If α + β − γ = π and sin² α +sin² β − sin² γ = λ sin α sin β cos γ, then write the value of λ. 

Answer 1

\[\text{ Given }:\]

\[\gamma = - \left[ \pi - (\alpha + \beta) \right]\]

\[\text{ Also }, \]

\[\lambda = \frac{\sin^2 \alpha + \sin^2 \beta - \sin^2 \left[ - (\pi - (\alpha + \beta) \right]}{\sin\alpha \sin\beta \cos( - (\pi - (\alpha + \beta))} \]

\[ = \frac{\sin^2 \alpha + \sin^2 \beta - (\sin(\alpha + \beta) )^2}{- (\sin\alpha \sin\beta\cos(\alpha + \beta))} \left[ \sin \left( \pi - \theta \right) = \sin \theta and \cos\left( \pi - \theta \right) = - \cos \theta \right]\]

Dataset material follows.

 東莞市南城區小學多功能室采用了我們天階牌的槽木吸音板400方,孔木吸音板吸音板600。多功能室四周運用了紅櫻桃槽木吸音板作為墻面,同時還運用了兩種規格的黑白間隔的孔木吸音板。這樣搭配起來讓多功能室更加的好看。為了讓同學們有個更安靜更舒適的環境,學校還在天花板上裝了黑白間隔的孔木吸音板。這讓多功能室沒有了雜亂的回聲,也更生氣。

\[ = \frac{\sin^2 \alpha + \sin^2 \beta - \sin^2 \alpha \cos^2 \beta - \cos^2 \alpha \sin^2 \beta - 2\sin\alpha \sin\beta \cos\alpha \cos\beta}{- (\sin\alpha \sin\beta \cos\alpha \cos\beta - \sin^2 \alpha \sin^2 \beta)}\]

\[ = \frac{\sin^2 \alpha(1 - \cos^2 \beta) + \sin^2 \beta(1 - \cos^2 \alpha) - 2\sin\alpha \sin\beta \cos\alpha \cos\beta}{\sin^2 \alpha \sin^2 \beta - \sin\alpha \sin\beta \cos\alpha \cos\beta}\]

\[ = \frac{2 \sin^2 \alpha \sin^2 \beta - 2\sin\alpha \sin\beta \cos\alpha \cos\beta}{\sin^2 \alpha \sin^2 \beta - \sin\alpha \sin\beta \cos\alpha \cos\beta}\]

\[ = 2\]